Scaling up Shifter applications
If you plan to run an application in a Shifter environment at scale (thousands of nodes), consider the following recommendations:
Set Shifter environment using UDI environment variable.
This way, Shifter execution environment on compute nodes is set up when the job starts and you won't waste your compute time waiting for shifter command to do that.
Use Shifter image ID instead of image name.
If you specify Shifter image by its name (as in image_name:tag), every compute node running the job will try to contact Shifter Gateway to get an image ID from the Shifter image database. Large number of such requests may easily overwhelm the Gateway and lead to its significantly degraded performance or complete shutdown. Therefore, we recommend using image ID instead of image name in all of your production jobs. Note, that image ID is what shifterimg lookup command returns, see the shifterimg command section below.

Mapping directoties

Because Shifter images are read-only and produced results must be stored on the Blue Waters filesystem, Shifter automatically mounts the following directories into every container environment:

  • /scratch
  • /projects
  • $HOME(/mnt/a/u/sciteam/<username>)

This means that you can use the above locations in your Shifter job script as you would in a regular job script. In addition to these three locations, you can map any existing directory you have access to to any directory in the container environment. Unlike previous versions of Shifter, Shifter 18 allows mapping to directories that don't exist in the image -- they are automatically created in the container runtime environment (though, not in the image).

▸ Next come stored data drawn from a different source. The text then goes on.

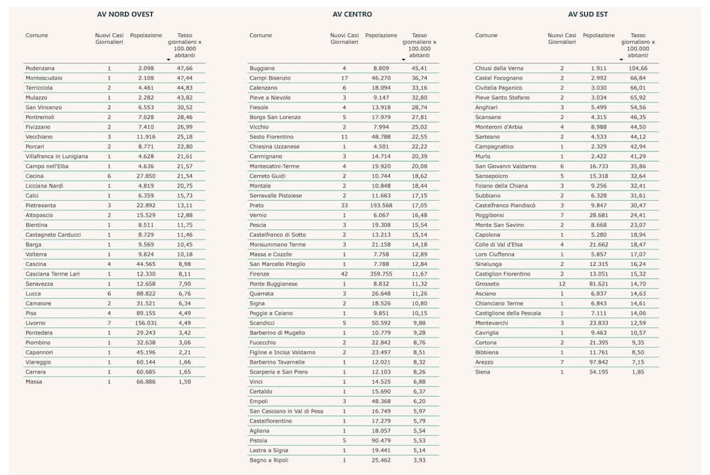“I nuovi casi registrati in Toscana sono 341 su 21.555 test di cui 11.593 tamponi molecolari e 9.962 test rapidi. Il tasso dei nuovi positivi è 1,58% (5,2% sulle prime diagnosi).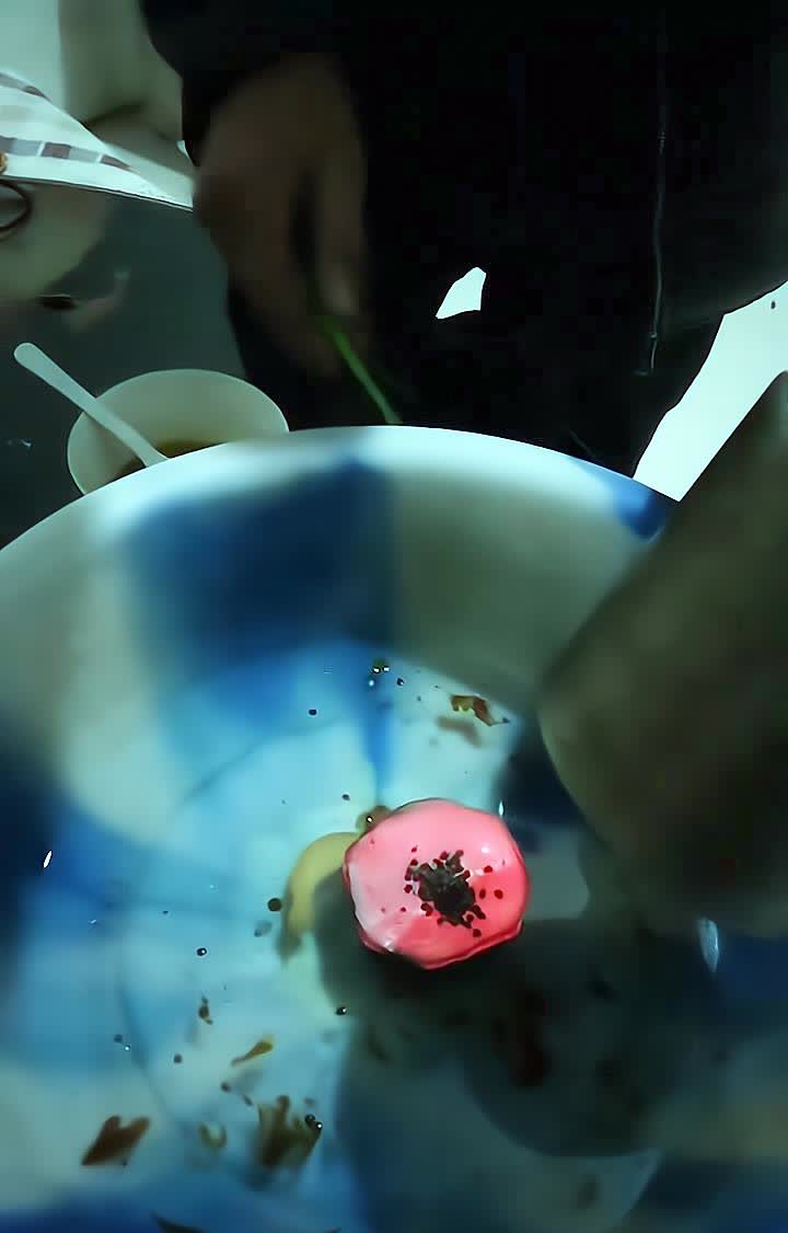 而油烟则顺着软管慢慢进入女子耳朵,这就是所谓的“古法熏牙虫”,最后的镜头里,男子还展示了一下被熏出来的几条牙虫。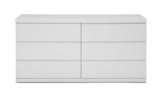Modern White Dresser With 7 Faux Marble Detailed Front Drawer.

To mount a directory /bw/dir into the container environment as /container/dir when Shifter image is selected using UDI variable, add -v /bw/dir:/container/dir to the image specification line and wrap it in the double quotes:

-v UDI="image_name:tag -v /bw/dir:/container/dir"
Note that you can use this syntax on the command line (as an argument to the qsub command) and in a job submission script (as a #PBS comment).

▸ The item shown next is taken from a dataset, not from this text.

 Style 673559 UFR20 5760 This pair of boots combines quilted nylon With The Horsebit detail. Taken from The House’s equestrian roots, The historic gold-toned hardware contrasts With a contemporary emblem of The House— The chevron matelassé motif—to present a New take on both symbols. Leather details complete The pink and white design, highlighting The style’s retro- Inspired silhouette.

To apply the same directory mapping using the shifter module/command, use the --volume= (or -V) option:

$ aprun -b ... -- shifter --volume=/bw/dir:/container/dir ...
or
$ aprun -b ... -- shifter -V /bw/dir:/container/dir ...
Mapping multiple directories

To map several directories into the container runtime environment when Shifter image is selected using UDI variable, specify directory mappings one after another:

$ qsub ... -v UDI="image_name:tag -v /bw/dir:/container/dir -v /bw/dir2:/container/dir2"...
or, as a PBS comment in a job submission script:
#PBS -v UDI="image_name:tag -v /bw/dir:/container/dir -v /bw/dir2:/container/dir2"...
You can also use a single -v option and separate mappings with semicolons:
#PBS -v UDI="image_name:tag -v /bw/dir:/container/dir;/bw/dir2:/container/dir2"...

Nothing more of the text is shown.